DEV Community

tmns
tmns

Posted on

Using Bitmapist for Super Fast Analytics

Background

Let's say we have built a CRM application, which keeps track of the various metadata logged by users when they use one of our other apps. For example this data could be that the user is using an iPhone, that they have logged in, or that they are within the age range of 30-40.

If we have millions of users and consequently millions of pieces of metadata - what is an efficient way for us to find groups of our users that meet certain criteria (also called cohorts)? For example, say we want to send a newsletter out to all of our users who are within the age range of 30-40 and who have logged in today - how do we determine this group of users?

One solution that tends to be very memory-efficient is to use Redis bitmaps. The concept of bitmaps, specifically in regards to Redis, has been explained rather thoroughly quite a few times already so I won't go into depth here.

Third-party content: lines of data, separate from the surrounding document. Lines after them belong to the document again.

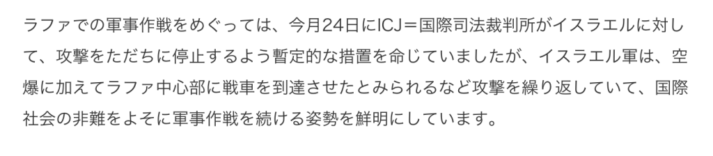 Japanese Translation: Over the military oeration in Rafah, on 24th today, ICJ ruled out to halt the “attack” immediately but IDF has been air striking and, in the middle Rafah, deployed tanks and repetitively attacking (civilians, which is totally untrue) and Israel is ignoring the condemnation from the international society and making it obvious that the nation will continue military operation.
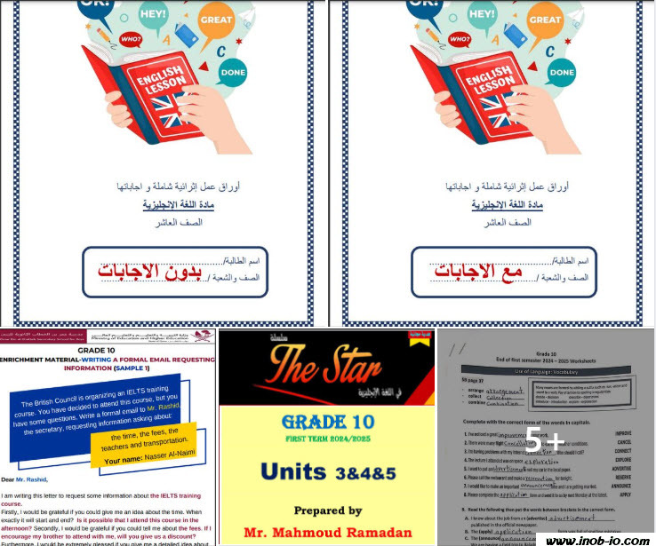 للاختبارات النهائية تلاخيص تدريبات اختبارات مع الإجابات أوراق عمل منوعة لمادة اللغة الانجليزية المستوى العاشر الفصل الاول
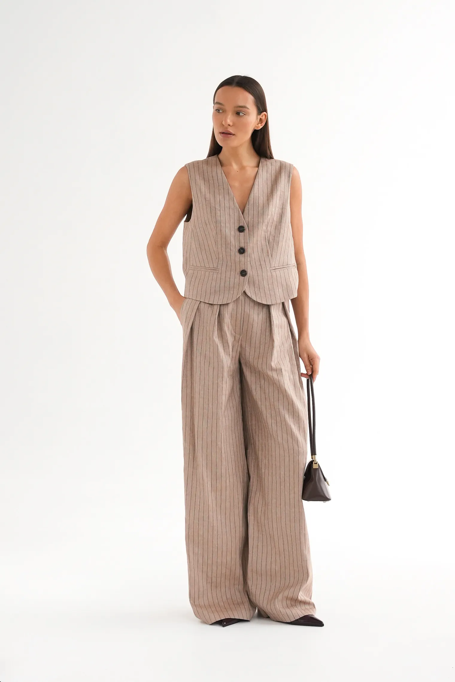 Брюки широкие с поясом изо льна в полоску цвета капучино
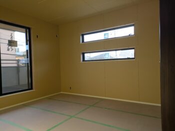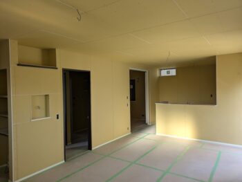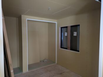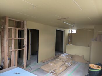 石膏ボード貼りが完了し、建具枠を取り付け、扉吊り込み巾木取付を行い、完了いたします。
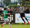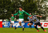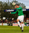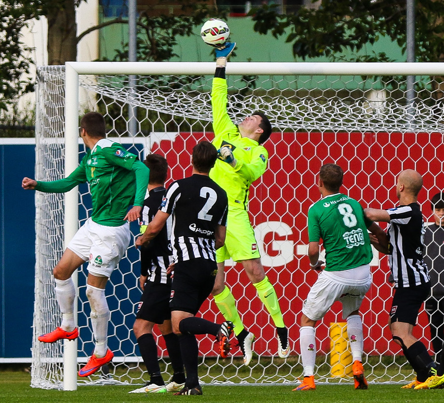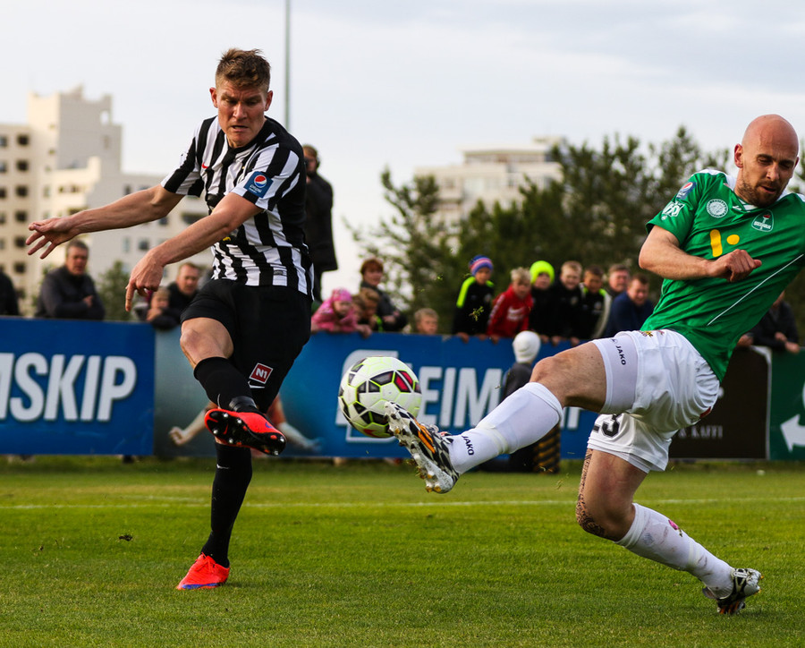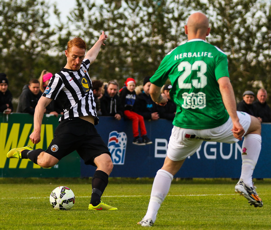 Kristinn Jónsson með stórhættulegan bolta fyrir markið sem Grétar þarf að skalla í horn.

If you are hungry for all the juicy details - I suggest the following well-known articles as a good place to start:

The tl;dr though, is that every time a user registers and lets us know they are in the age range of 30-40, we can set a key-value pair in Redis like so: SETBIT('agerange#3040', user_id, 1).

Similarly, once the user logs in, we can set another key-value pair: SETBIT('login:today', user_id, 1).

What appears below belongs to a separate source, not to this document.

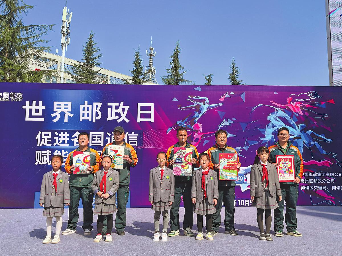 陜西省商洛市郵政分公司舉辦世界郵政日宣傳暨“童心同行 郵政相伴為美好生活加‘郵’”活動,來自商州區第六小學的5位小朋友現場為郵政快遞員送上了精美的手繪作品?! 鯊垶t 攝

Then, finding the cohort becomes a matter of performing a bitwise AND operation on the two keys, like so: BITOP('AND', '3040logintoday', 'agerange#3040', 'login:today')

And just like that we have determined all the users we want to send our newsletter to!

At this point, you may be saying something along the lines of, "Ya, that's nice and all but Redis.. Bitmaps.. keys.. values.. Bitwise operations.. my head hurts already!". This is a totally understandable reaction - with a totally awesome rebuttal. Enter Bitmapist.

Bitmapist

Bitmapist is a Python library developed by the folks at Doist that simplifies working with Redis bitmaps. Further, they have even gone as far as also developing their own optimized Bitmapist server that implements a subset of Redis operations used by Bitmapist while relying on compressed bitmaps representation and only keeping hot dataset in memory to improve memory efficiency by 443 times!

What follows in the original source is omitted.